Устинья тихо заплакала, уткнувшись лицом в колени.
– И ведь понесло его! – вдруг почти с ненавистью, сквозь зубы выговорил Ефим. – Понесло к чертям на вилы – через тайгу! За-ради Васёнки этой! Кабы не эта ведьмища – выплыл бы он!
– Не греши, Ефим. Она не виновата. Нет виноватых-то. Значит, время подошло…
– Время?! – Ефим резко развернулся к жене. Лунный свет по-волчьи блеснул в его глазах. – Нет, Устька, то не время! То судьба проклятая! Да кабы знать… Кабы только знать, что вот так повернётся! Я бы своими руками эту Васёнку придушил!
– Ефим, да бога ради! Услышит она…
– Всё бы отдал для него, шкуру бы с себя снял… – Ефим вдруг запнулся на полуслове. Чуть слышно, упрямо выговорил, – Тебя бы только – нет… Тебя бы – никогда…
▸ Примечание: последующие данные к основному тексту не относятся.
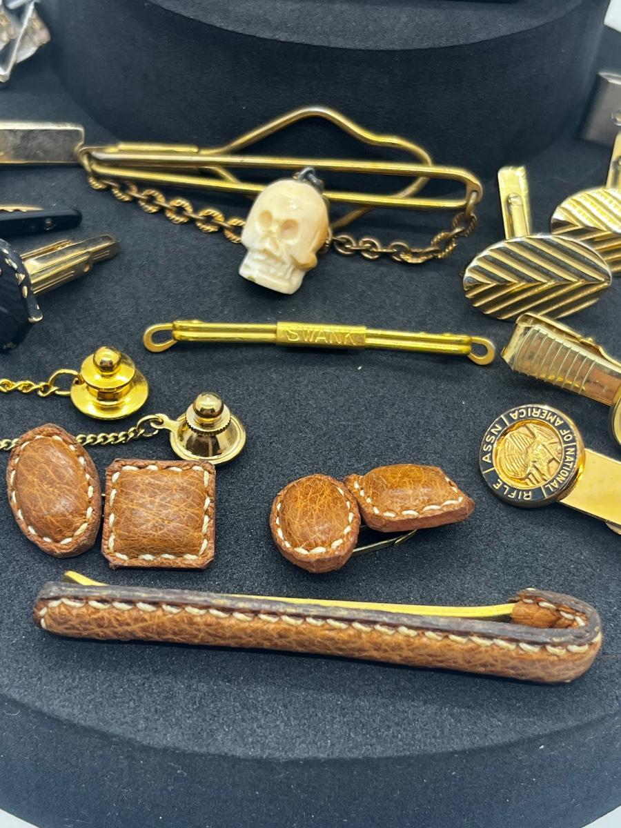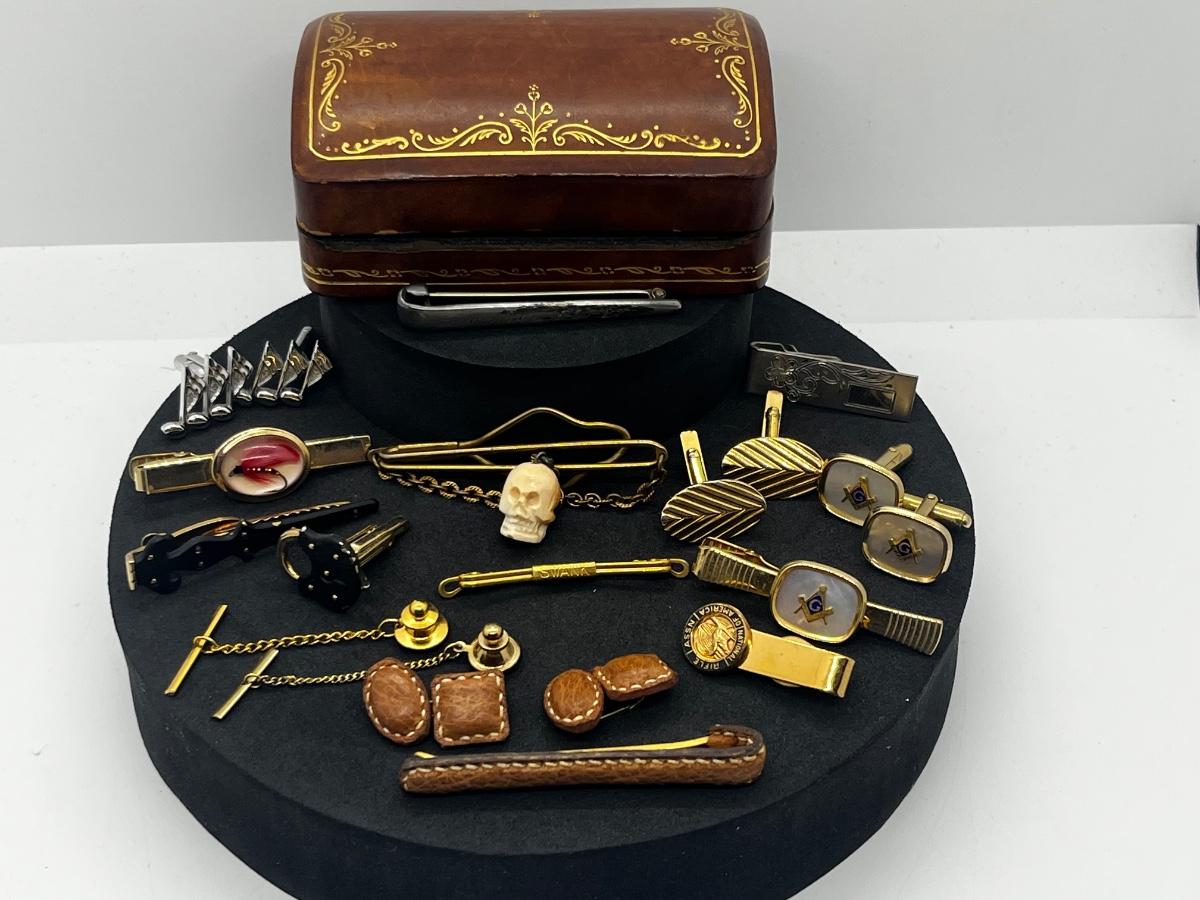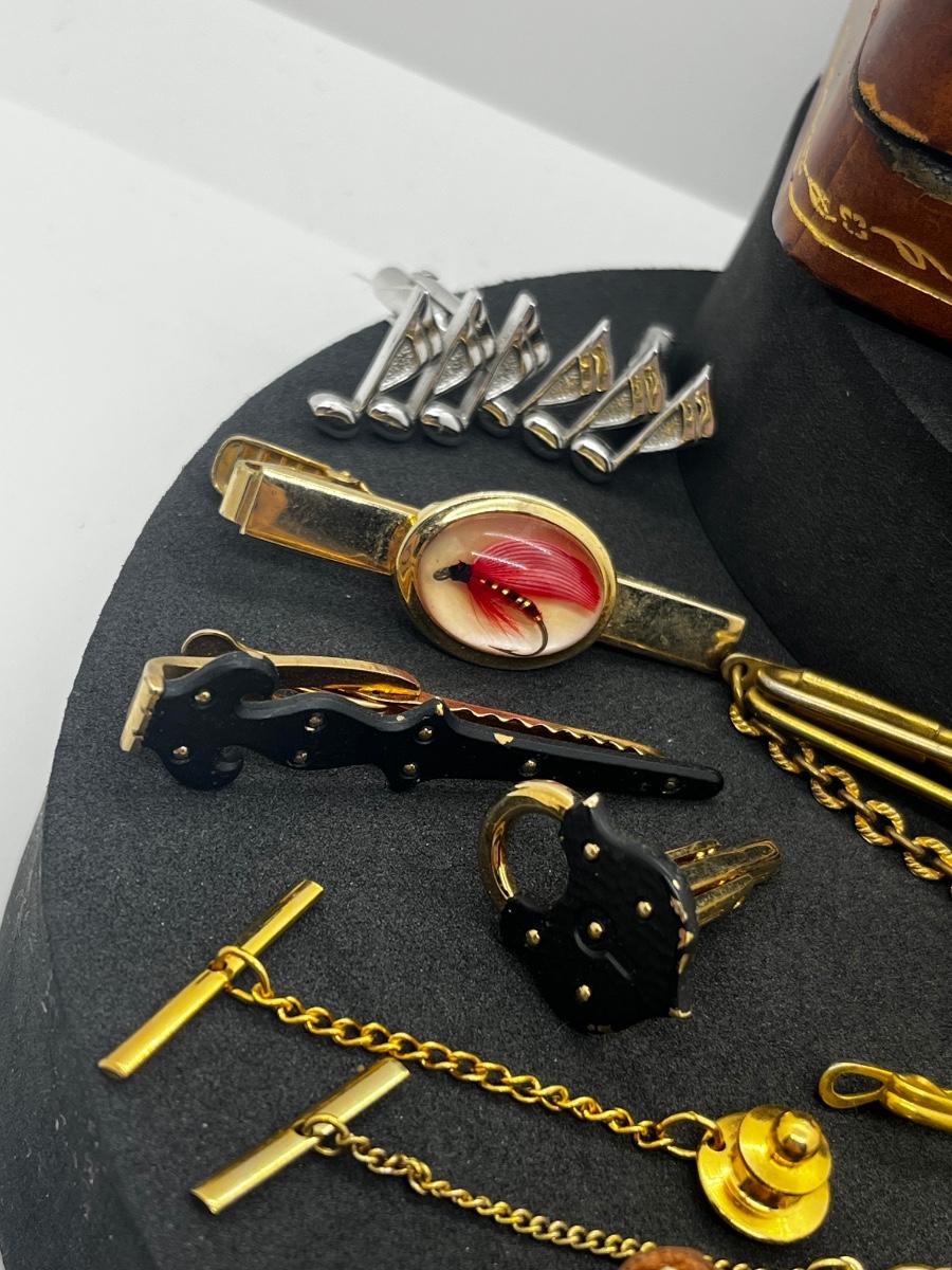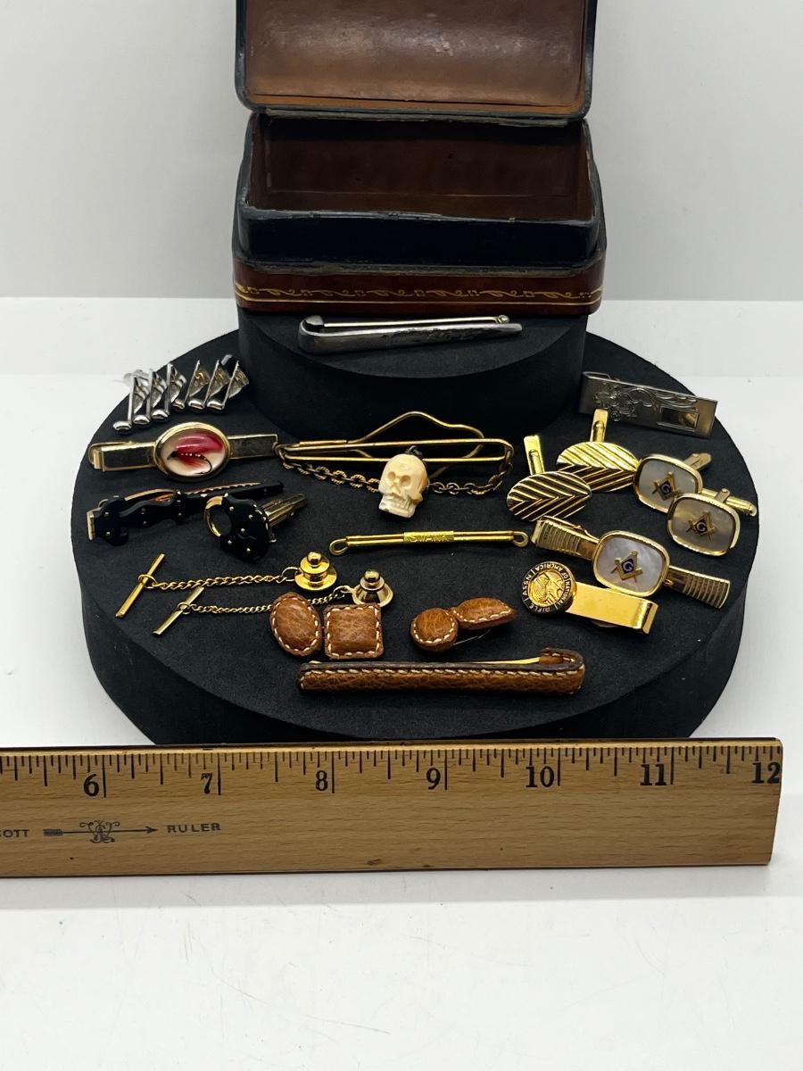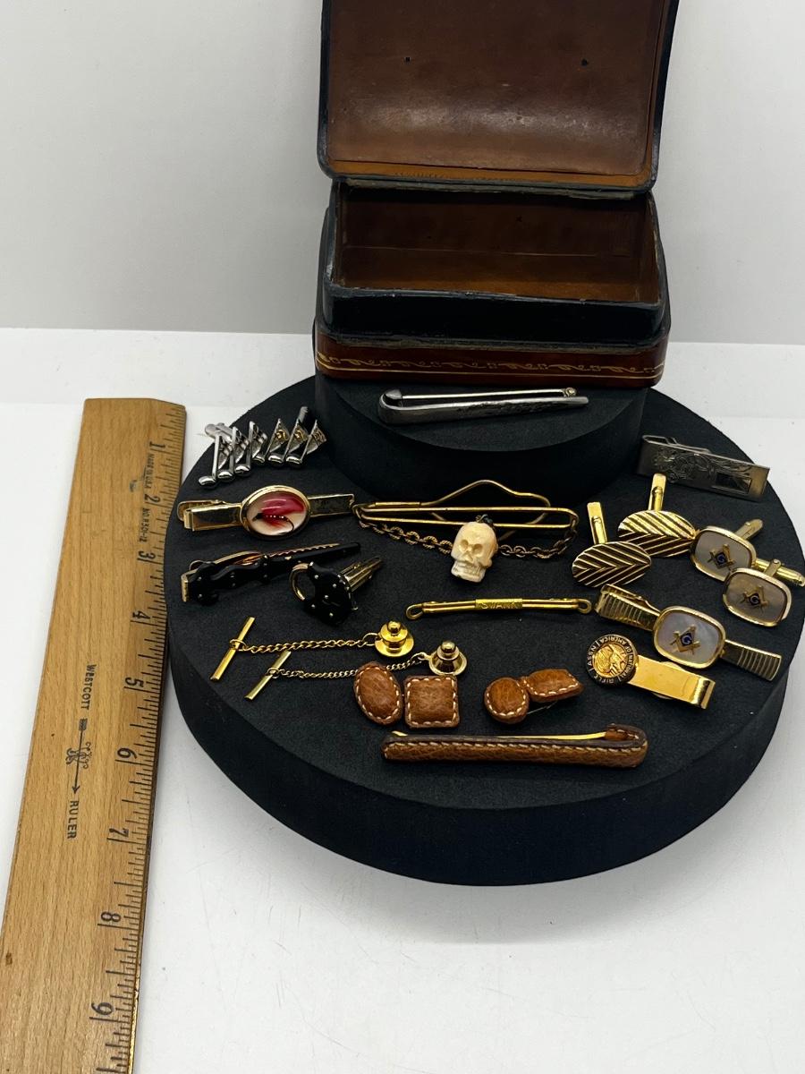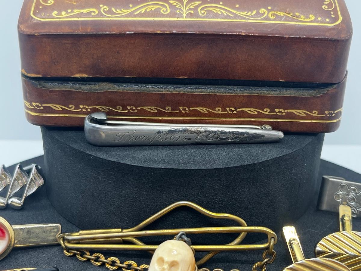 LOT 57: Unique Collection of Vintage Tie Pins and Cufflinks with Vintage Leather Box

– Типун тебе на язык, что несёшь-то?! – хрипло вскричала Устинья, со всей мочи стукнув мужа по спине кулаком. – Что мелешь, ирод?! Его уж на свете нет, а ты всё… Господи, Ефим, Ефи-им… будь она проклята, будь она проклята, доля наша собачья!
Ефим вдруг обхватил её, прижав к себе так, что хрустнули кости. Устинья чудом не задохнулась, оказавшись намертво притиснутой к пропахшей потом и смолой, мокрой насквозь рубахе мужа.
– Господи… Пусти… раздавишь… Ефим… мокрый весь, выстынешь, господи… тебя ещё не хватало! Что я одна в тайге с дитями смогу?.. Ну, что ж делать… Ничего… ничего не сделаешь… Значит, без Антипа теперь… сами… как-нибудь…
И тут силы оставили её. И, устав крепиться, Устинья разрыдалась в голос. Ефим крепко сжимал её в объятиях. Сверху, холодные, сияли звёзды, тихо бормотала река. Равнодушная, кривилась в чёрном небе луна.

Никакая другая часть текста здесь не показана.